On July 27, two brigades from the mostly Shia Popular Mobilisation Forces (PMF) stormed the Iraqi Ministry of Agriculture, clashing with police.
While the incident could be seen as a power struggle for position, it also indicates a certain degree of daring on the part of the brigades, which ended up killing a police officer.
The brigades were called in by Ayad Kadhim Ali after he was dismissed as the head of the ministry’s office in Baghdad’s Karkh district, according to Mehmet Alaca, an expert on Iraq’s Shia militias. Ali is affiliated with Kataib Hezbollah, as are the brigades that attacked the ministry, analysts told media.
The incident is seen as a litmus test of whether the Iraqi state can hold PMF factions accountable for breaking the law.
Iraq’s government argues that passing a new legislation – which would fully integrate the PMF into the state – would help them do so. Proponents of the bill argue it would incentivise the PMF to act within the confines of the law, but detractors fear it would give legal cover to militias, which are already too strong.

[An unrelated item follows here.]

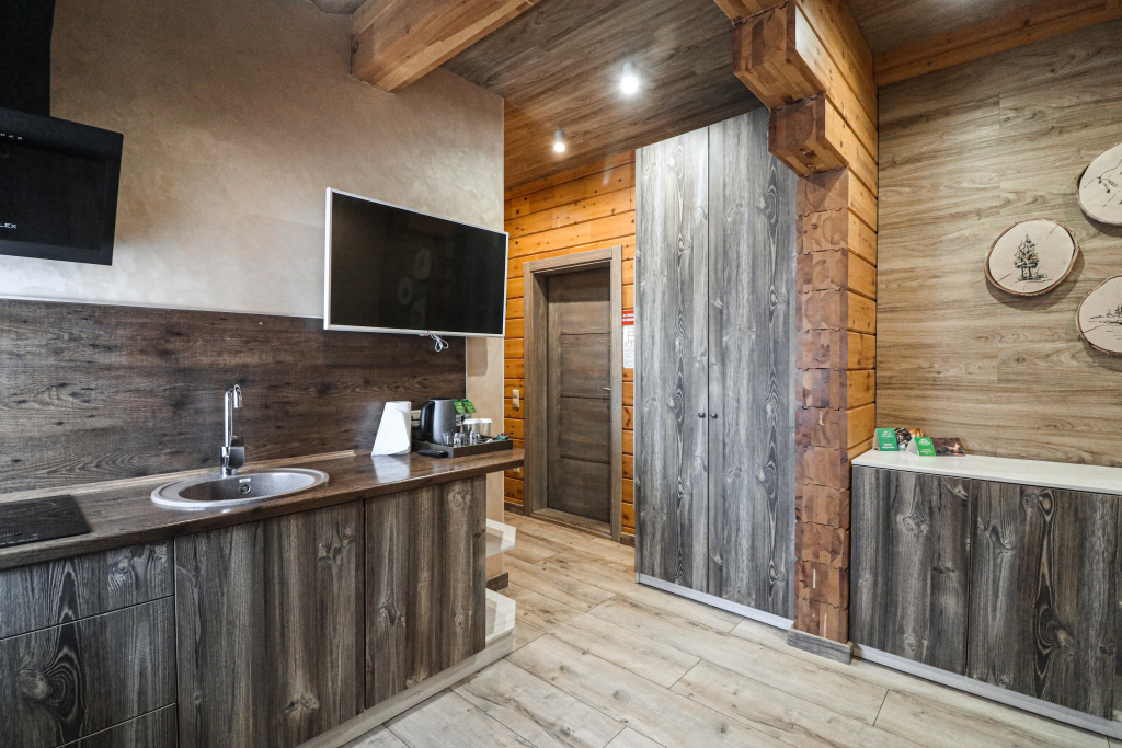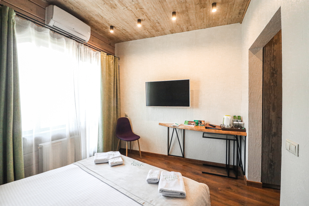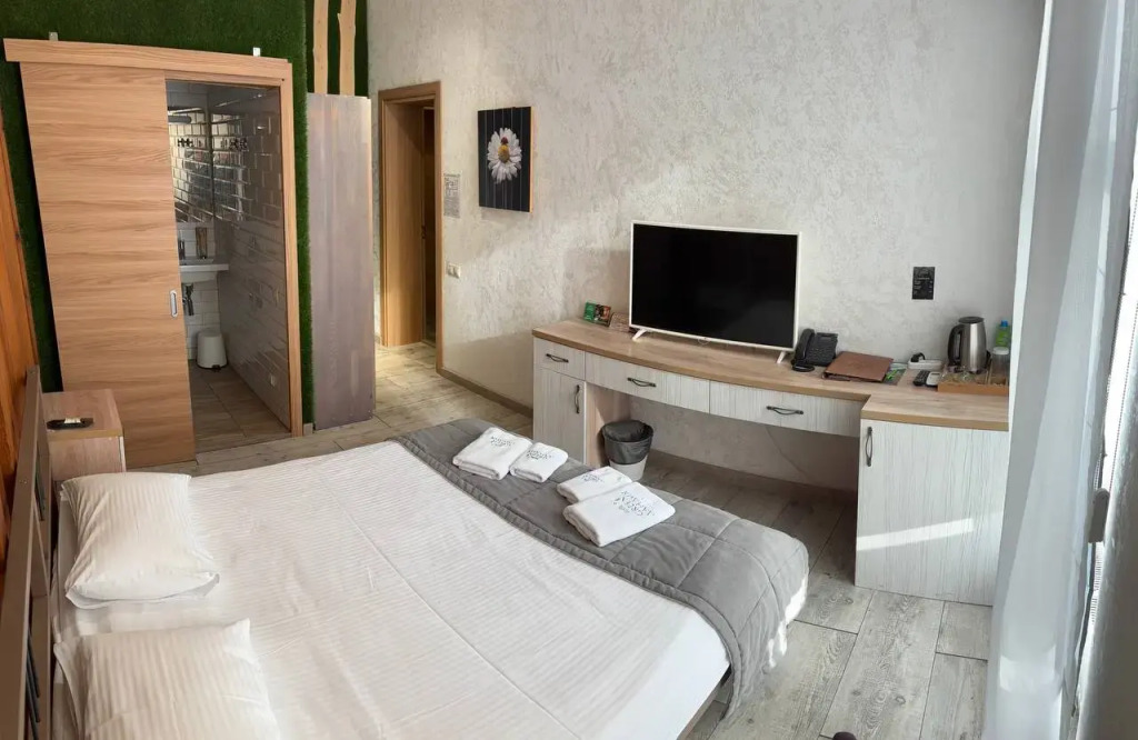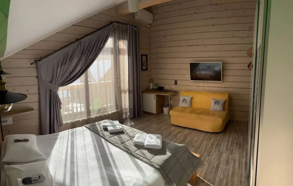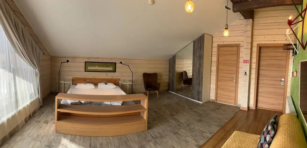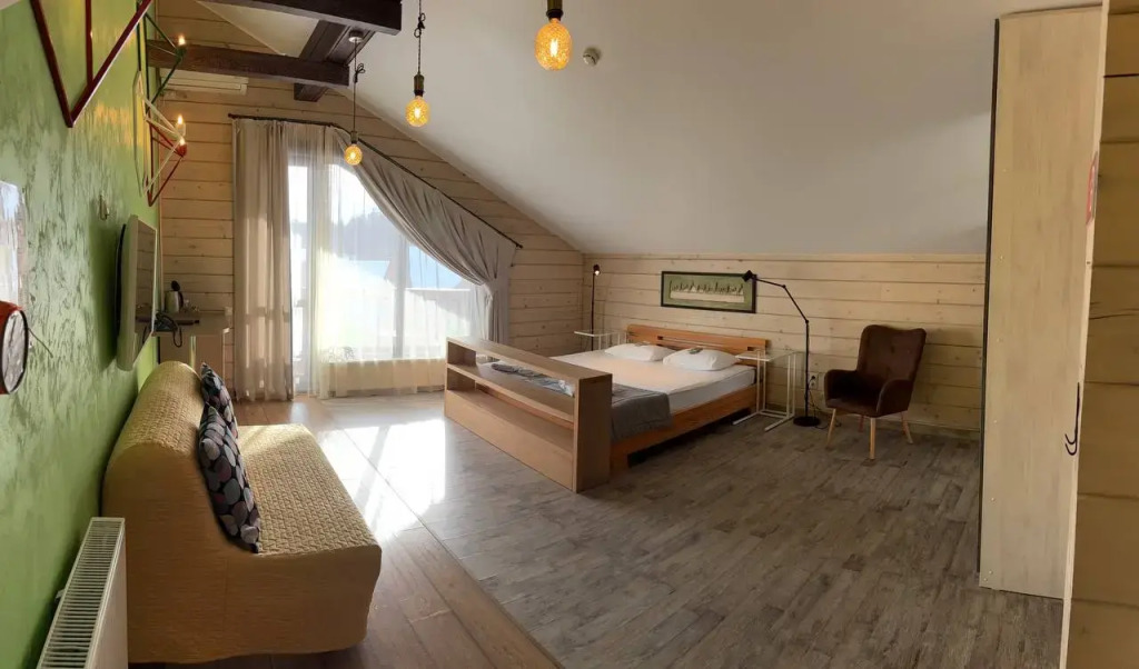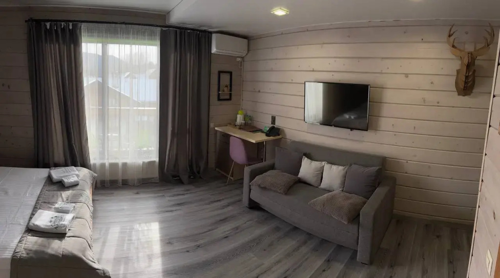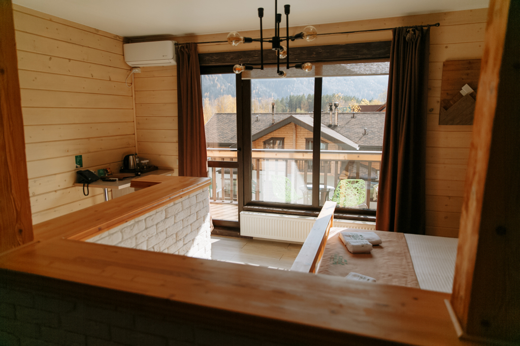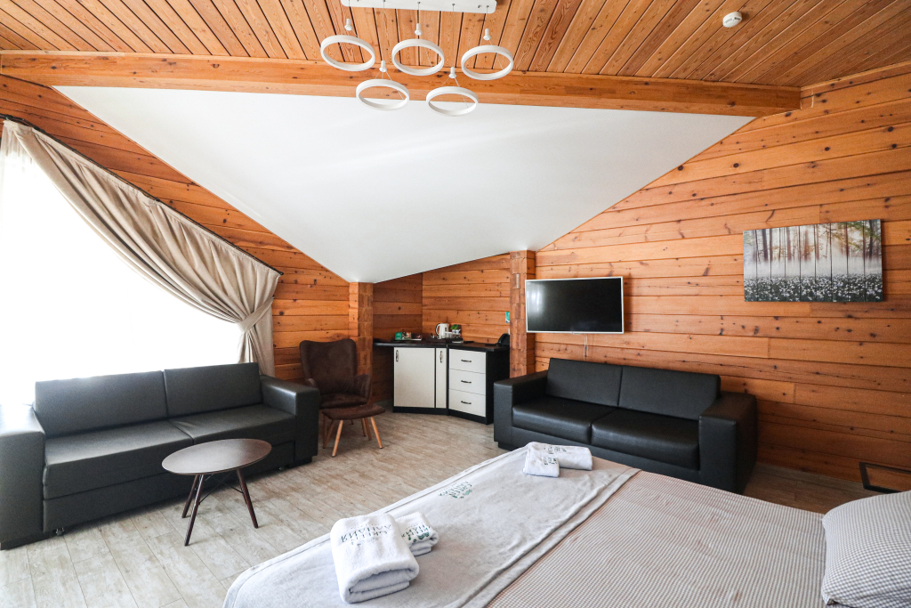 Отель «Green Ландия» расположен в городе Манжерок. Отель находится вблизи реки Катунь, в 7 км есть горнолыжные склоны.

The PMF, also known as al-Hashd al-Shaabi, is an umbrella organisation of mostly Shia armed groups, some of whom have close ties to neighbouring Iran. A few of these groups first emerged during the Iraqi resistance to US occupation.
Like Kataib Imam Ali, most PMF factions were formed after Iraqi Grand Ayatollah Ali al-Sistani issued a fatwa in 2014, urging all able-bodied men to join the state to defend Iraq from ISIL (ISIS).
At the time, ISIL controlled large swaths of territory across Syria and Iraq, equivalent to the size of England. ISIL even captured the Iraqi city of Mosul and declared a “caliphate” from there.
By 2016, Iraq’s parliament had passed a law that recognised the PMF as a component of the state’s national security.
But the law lacks clarity around command and control and budgetary oversight, and it has failed to prevent some groups from taking unilateral action to attack United States assets and soldiers stationed in the country.
In 2024, for instance, the PMF was awarded a budget of $3.4bn, which exceeded the total budget of Lebanon.
The PMF
While the figure is small relative to the $21.1bn allocated to Iraq’s Ministry of Defence that same year, it is a sizeable amount that the state allocated to a body that it did not even have an accurate membership list for.
Each registered PMF faction submits a list of names to be paid, and these lists are then reviewed by the Ministry of Finance. However, PMF leaders often intervene to push payments through unchallenged, according to a 2021 report by the Chatham House think tank.
“From the beginning, the PMF was adamant that it was part of the state and not a militia,” said Renad Mansour, an expert on Iraq with Chatham House.
Over the past 10 years, PMF factions have created political wings, run in parliamentary elections and gained access to lucrative state money after securing important administrative positions in key ministries.
Yet as they accrued power, some used their arms against the state to safeguard their patronage networks and influence over key ministries.
In 2021, PMF groups linked to Iran launched a drone at the home of then-Prime Minister Mustafa al-Kadhimi, reportedly an attempt to upend the government after losing many parliamentary seats and thus access to state money in the recent elections, said Alaca, the expert on Iraqi Shia militias.
The Iraqi government drafted the new law in March. It would give all PMF factions official, stable employment and bring them under the control of Prime Minister Mohamed Shia al-Sudani as commander-in-chief
Proponents of the draft law mainly include a bloc of five Shia parties known as the Coordination Framework.
“The argument pushed by those advocating for the law is that by offering an institutional safe haven for armed factions under a reformed PMF, it would incentivise those to comply with the national chain of command – thereby diminishing their appetite to take action outside the state,” explained Inna Rudolf, an expert on the PMF and a senior research fellow at the Centre for Statecraft & National Security at King’s College London.
Most importantly to the PMF, the law offers it much-needed legal cover at a time when the US and Israel are threatening to target groups they consider Iranian proxies.
It would grant PMF members full access to intelligence, which some argue is a risky proposition because the intelligence could be passed to Iran.